И уже готов был согрешить, тщательно планируя и обставляя это действо, благо что такой опыт в его памяти еще остался. Одно он знал точно: никаких интриг на рабочем месте – боже упаси…
Та, что покорила его сердце, работала на телевидении в Останкино, и они познакомились, когда юная дива приезжала брать у него интервью. О, если бы его пригласили в Останкино, то он непременно отыскал бы ее хрустальный башмачок и бросил бы к ее ногам все сокровища мира, которые пока, правда, еще принадлежали тестю…
И вдруг утром в его квартире раздался телефонный звонок…
Трубку сняла жена и передала ее мужу, успев шепнуть, что звонят с телевидения…
Буйнов чуть не подавился, слезы выступили на глазах, он багровел и млел одновременно, прося дать воды…
– Какие-нибудь неприятности? – тихо спросила жена.
– От них всего можно ожидать…
И взяв в руки трубку, почти не слышал то, что ему говорили, а лишь внимательно наблюдая за реакцией жены, только лишь все повторял:
– Да, непременно, если это только нужно, обязательно…
Он тут же дал свой номер телефона и попросил перезвонить, когда в этом будет необходимость, чтобы уточнить сроки…
И враз вспотевший от волнения, словно обессилевший – все-таки года, присел на стульчик в прихожей.
– Сева, тебе плохо, что они от тебя хотят? – закружилась вокруг него толстушка-жена.
– Мне хорошо, мне никогда еще не было так хорошо, нам удастся записать целый цикл важных для фракции передач на телевидении. Правда, нам могут предоставить для записи только… ночное время.
И он в нерешительности развел руками…
– Если партия прикажет. Мы тоже по ночам листовки расклеивали! – заголосил, словно протрубил, появившийся в дверном проеме тесть.
О, сколько же понимания увидел он в этот момент на лице своего зятя. О, если бы и тесть догадывался, что стоит за этим его кротким взглядом.
И когда этот диалог закончился, Буйнов вынужден был уйти в ванную комнату и переодеться. С ним такого еще никогда не случалось, чтобы от одного лишь воображения он вдруг неожиданно для себя и осквернился… Вот уж воистину права поговорка: седина в бороду, а бес в ребро…
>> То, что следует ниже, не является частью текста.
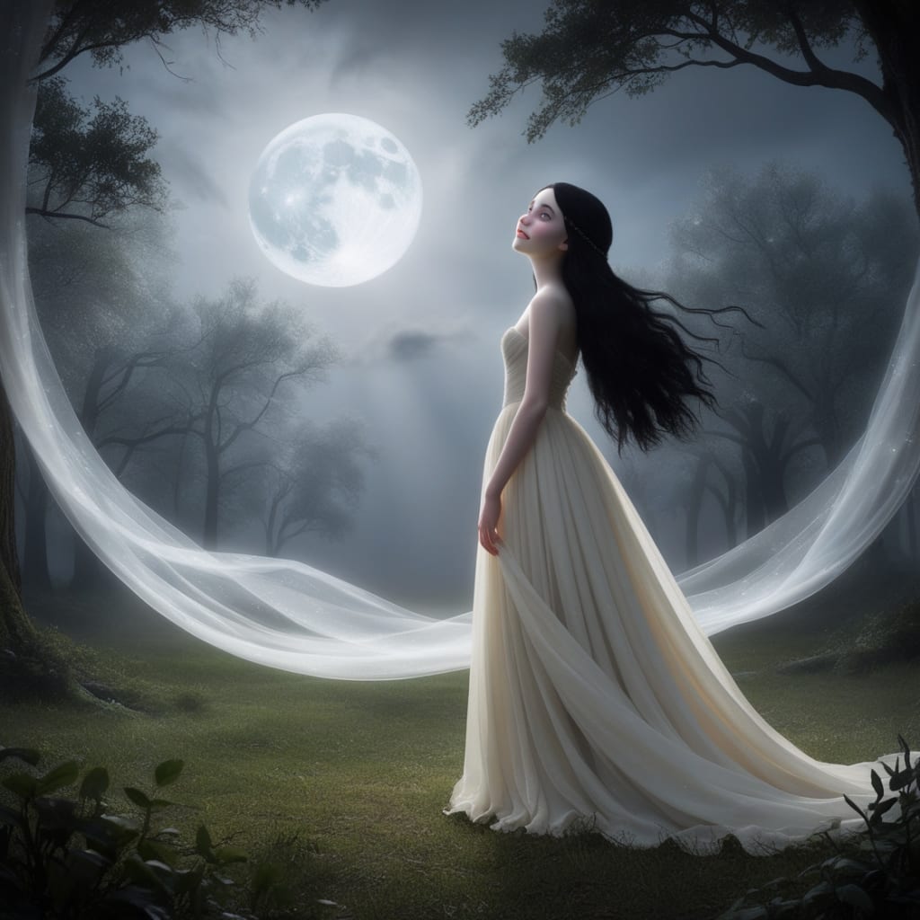 A girl. No older than me. Barefoot, standing silently in the clearing, the hem of her white dress glowing like mist caught in moonlight. Her hair was dark and tangled like the branches above us, and her eyes held a curious gleam, like she was searching for something—or someone. She didn’t say a word that first time. She just watched me, head tilted slightly as if trying to remember who I was.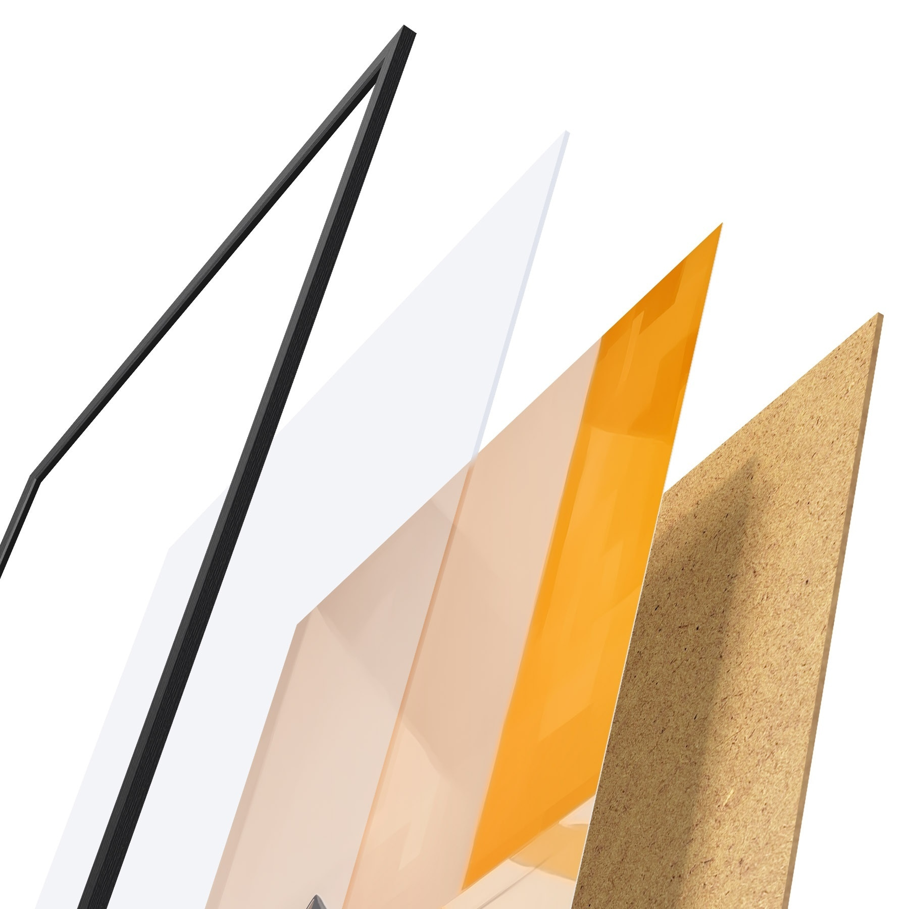 De poster bestaat uit een frame, plexiglas, geprinte afbeelding en spaanplaat achterkant. De poster kan meteen aan de muur worden gehangen dankzij de bevestigingen op de achterkant.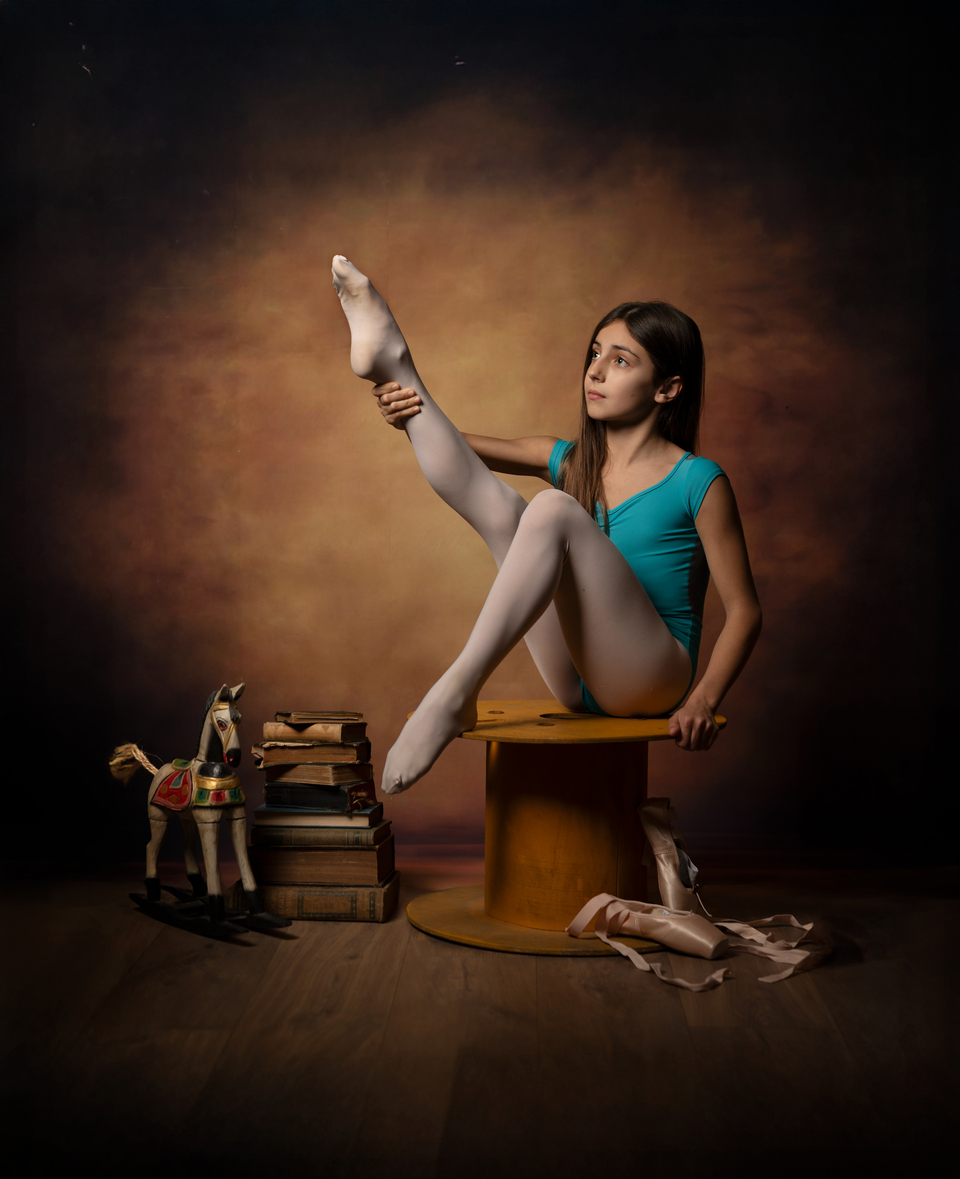 Paco, bajo mi punto de vista, el principal punto débil de la imagen está en la coherencia entre los elementos. El caballito y los libros remiten claramente a un imaginario antiguo, casi de otra época, mientras que el vestuario de la modelo es un diseño actual, contemporáneo…también tengo la sensación de que hay demasiados elementos con peso visual y simbólico. Tanto el caballito como los libros tienen mucha presencia (sobre todo el caballito en la segunda -aunque en la tercera esté algo más integrado en cuanto a luz y tonos) y acaban compitiendo entre sí y con la propia figura, cuando quizá la fuerza del retrato estaría en simplificar y dejar respirar más a la modelo, que es donde debería estar el foco emocional.

В аэропорту Сочи Виталия встречали два молодых парня, представившихся коллегами с сочинской студии. Они же приняли его багажную сумку и усадили в машину. И с дороги, естественно, сразу же поехали перекусить…
Виталий проснулся утром следующего дня и, только внимательно осмотревшись, с трудом понял, что он находится в гостинице, где и должен был оказаться. Это уже плюс. Денег стало в два раза меньше. А это был уже минус. В холодильнике холодное пиво – это плюс. Но куда он подевал свой мобильник? Это очевидный минус…
В соседней комнате на одной кровати и нагишом спали ребята, что его встречали. Это и не плюс, и не минус – это уже катастрофа. Он нашел на полу свой цифровой аппарат и стал просматривать все то, что они вчера все вместе снимали… Нет, это не может быть… А кто же тогда снимал этот кадр, где они втроем лежат на его кровати?..
«Мамочка, – мгновенно поняв, что случилось и чем это может для него окончиться, подумал он, – прости, но я, кажется, влип по-крупному»…
В это время отворилась дверь, и кто-то вошел в его номер, плотно прикрыв за собой дверь.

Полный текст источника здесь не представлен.